Intel said it would team up with Arm to make it easier for mutual customers to use Intel’s foundry services to fabricate Arm-based mobile processors and other chips.

The companies announced a long-term agreement that will make sure Arm’s CPU cores and other IP are compatible with Intel’s 18A node—the most advanced process technology on its roadmap due to launch in 2025.

They said the focus at first is on optimizing mobile systems-on-chip (SoCs), where Arm’s CPU cores are essential building blocks. But, according to a statement, the companies also are open to optimizing chip designs for automotive, IoT, data centers, aerospace, and other areas.

The deal is the latest step in CEO Pat Gelsinger’s plan to restore Intel’s leadership in manufacturing high-end logic chips. Under his “IDM 2.0” strategy, he’s trying to take back the crown it lost to TSMC and other rivals after years of missteps by Intel management. If it can execute the strategy, this will help Intel roll out products that are more competitive with the likes of AMD, NVIDIA, and even Apple.

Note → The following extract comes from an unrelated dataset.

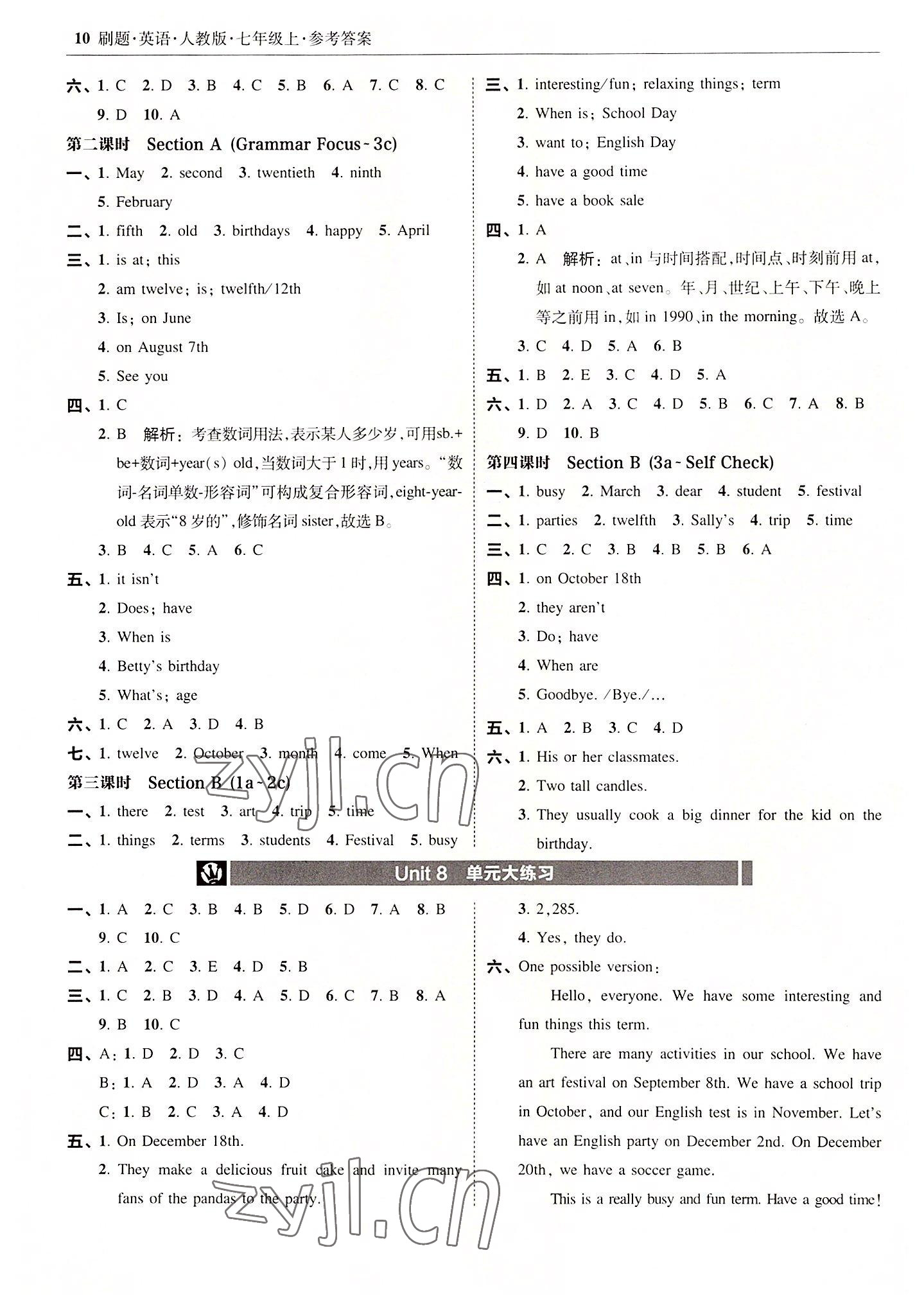 注:目前有些书本章节名称可能整理的还不是很完善,但都是按照顺序排列的,请同学们按照顺序仔细查找。练习册 2022年北大绿卡刷题七年级英语上册人教版 答案主要是用来给同学们做完题方便对答案用的,请勿直接抄袭。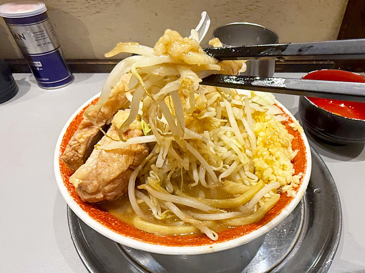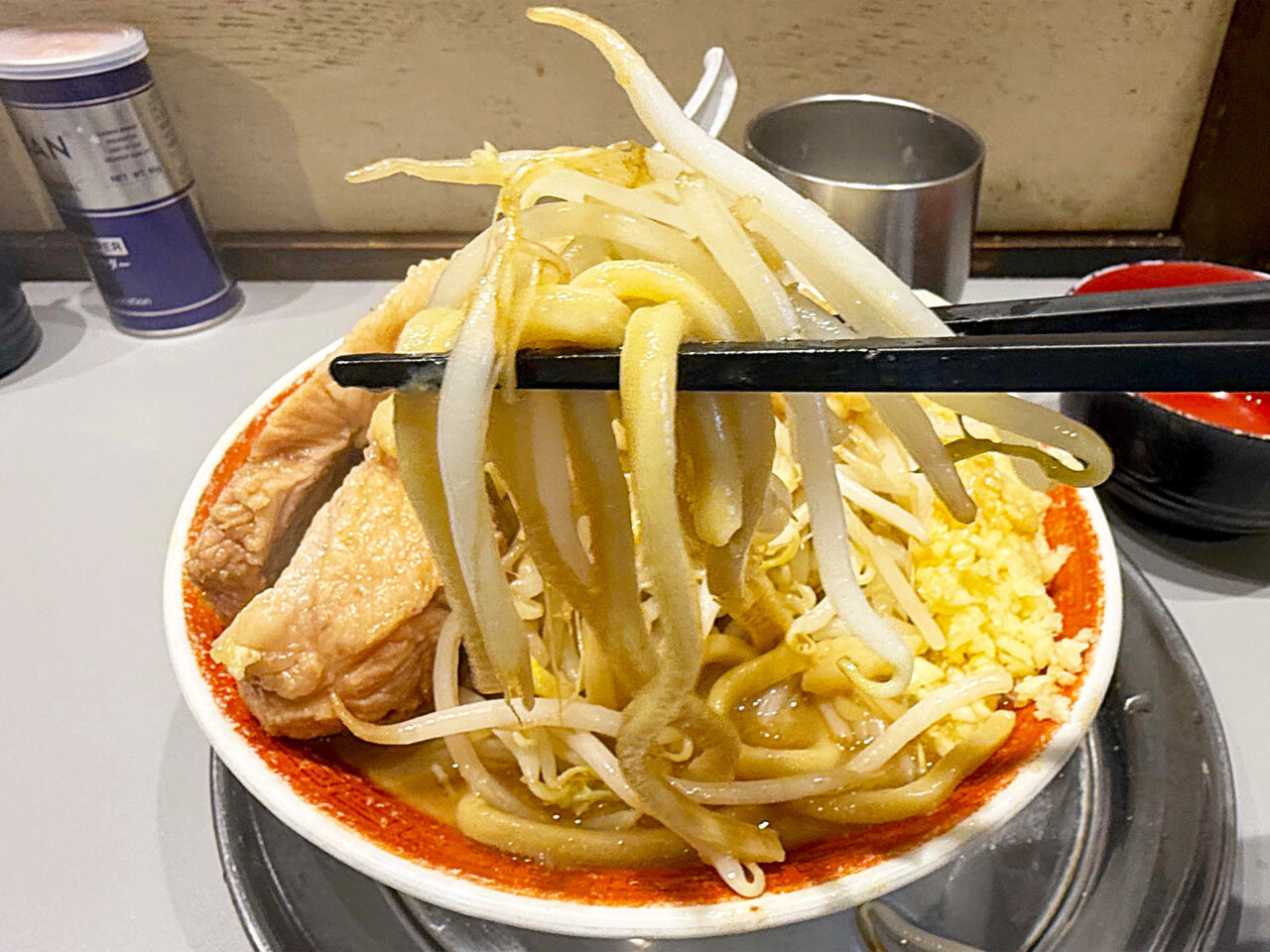 上から見ても豪快なブタの厚み、ヤサイの盛り、アブラの盛りが凄いです(汗)。

One of the keys to the recovery plan involves building a contract chipmaking business, opening up its process technologies to rivals—more specifically suppliers of mobile chips. Intel launched the independent unit, dubbed Intel Foundry Service (IFS), in mid-2021.

While the Santa Clara, California-based company is still in the early stages of building the business, Intel said Qualcomm and MediaTek, among others, are already planning to use its fabs to fabricate their future chip designs. Today, Samsung Electronics and TSMC are responsible for producing most of the world’s mobile chips.

"There is a growing demand for computing power driven by the digitization of everything, but until now fabless customers have had limited options for designing around the most advanced mobile technology,” said Gelsinger.

Additional Flexibility

Arm, which sells to virtually all of the world’s major semiconductor companies, also works closely with TSMC—Apple’s primary contract chip manufacturer—and other foundry providers to make sure that its mobile CPU cores and other IP are compatible with their processes.

While Intel competes with Arm to some extent—in data centers, personal computers, and other areas where Arm is threatening Intel—it makes sense if Intel wants companies to take its foundry business as seriously as that of TSMC and other rivals.

The tie-up offers more options to customers building mobile chip designs based on Arm CPU cores and other IP when choosing a foundry to mass-produce their products, and where geographically they want them to be fabricated.

Intel has been investing aggressively to boost its production capacity around the world, including large-scale projects in the U.S. and Europe, to help it meet demand down the road. The company said its “open system” foundry model brings more to the table than traditional wafer-fabrication services offered by other foundries, as it includes packaging, software, and access to its in-house chiplet technologies, too.

“As the demands for compute and efficiency become increasingly complex, our industry must innovate on many new levels,” said Rene Haas, CEO of Arm, which reportedly plans to IPO by the end of the year.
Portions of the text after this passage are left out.